British engineering corporation

Siebe plc became the name of the new conglomerate formed when Siebe Gorman began taking over other firms in the early 1970s, to distinguish it from Siebe Gorman's original breathing apparatus and diving gear core business. Siebe plc was once one of the United Kingdom's largest engineering businesses and was a constituent of the FTSE 100 Index. In 1999 it merged with BTR plc to form Invensys.

==History==
- About 1972: Siebe plc became the name of the new conglomerate formed when Siebe Gorman began taking over other firms, to distinguish it from Siebe Gorman's original breathing apparatus and diving gear core business.

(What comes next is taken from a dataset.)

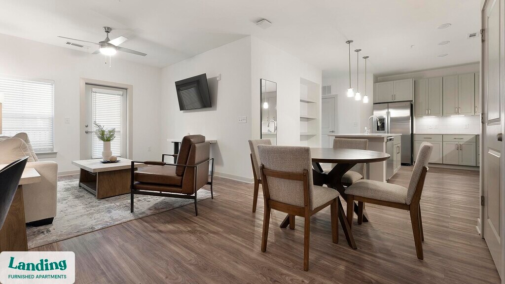 Landing offers flexible lease terms from weeks to months. Please always visit our website or contact us for the latest pricing & availability. Stay longer, save more: 6-Month Minimum base rent: starts at $1552/mo 12-Month Minimum base rent: starts at $1575/mo Landing offers flexible leases across a network of over 35,000 fully-furnished apartments throughout 375+ cities so you can rent on your terms, practically anywhere, and avoid the hassle of paying deposits or application fees. Visit to learn about all the benefits of a Landing membership, see our competitive up-to-date pricing, explore available apartments, take virtual tours, and make reservations online without jumping through traditional rental hoops. Landing's apartments at Arcadia at Waterway Hills are designed for comfortable, easy living, with the ability to stay as long as you like. Experience living with Landing Every apartment is outfitted with all the modern essentials including: custom-designed furnishings, a fully-equipped kitchen with deluxe stainless steel appliances, a gourmet coffee maker, premium linens, Smart TVs, and incredibly fast, reliable internet for working from home. When you live with Landing, you'll enjoy a hassle-free experience with the added benefit of 24/7 access to our dedicated member experience team. Some of the nitty-gritty: a background check and proof of income are required; we're completely smoke-free; bundled utility packages and pricing vary based on length of stay; pet-friendly options available; listed price reflects a 12-month minimum stay.
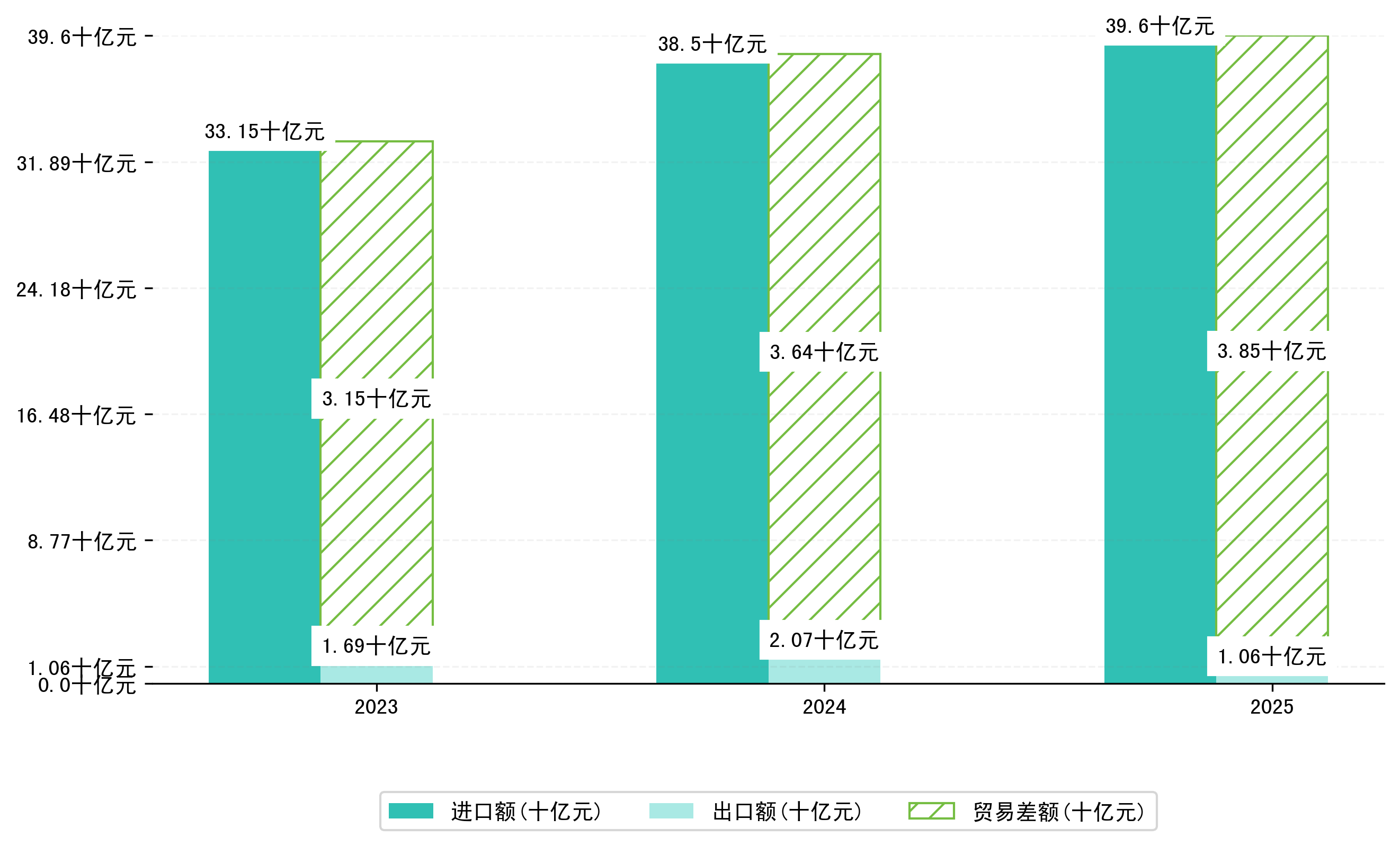 以人民币计,2025年1-3月大庆市贸易差额为385,3762,3373万元(贸易逆差),相比上年同期减少了21,1286,8648万元,同比减少5.8%。

- 1972: Siebe plc acquired James North & Sons, a large safety products business, and continued to brand it as North Safety Products.
- 1985: Siebe plc acquires CompAir, a business making compressed air equipment for the mining and construction industries, divers and firefighters.
- 1987: Siebe plc acquires the Barber-Colman Company, an industrial automation and controls business.
- 1990: Siebe plc acquires the Foxboro Company, another industrial automation business.
- 1994: Siebe plc bought Triconex, a safety control business.
- 1997: Siebe plc acquired APV plc.
- 1998: Siebe plc acquired Eurotherm, Wonderware and Simulation Sciences.
- 1998: Siebe plc sold North Safety Products (and Siebe Gorman with it) to Norcross.
- 1999: Siebe plc acquired Esscor.
- 1999: Siebe plc merged with BTR plc to form Invensys.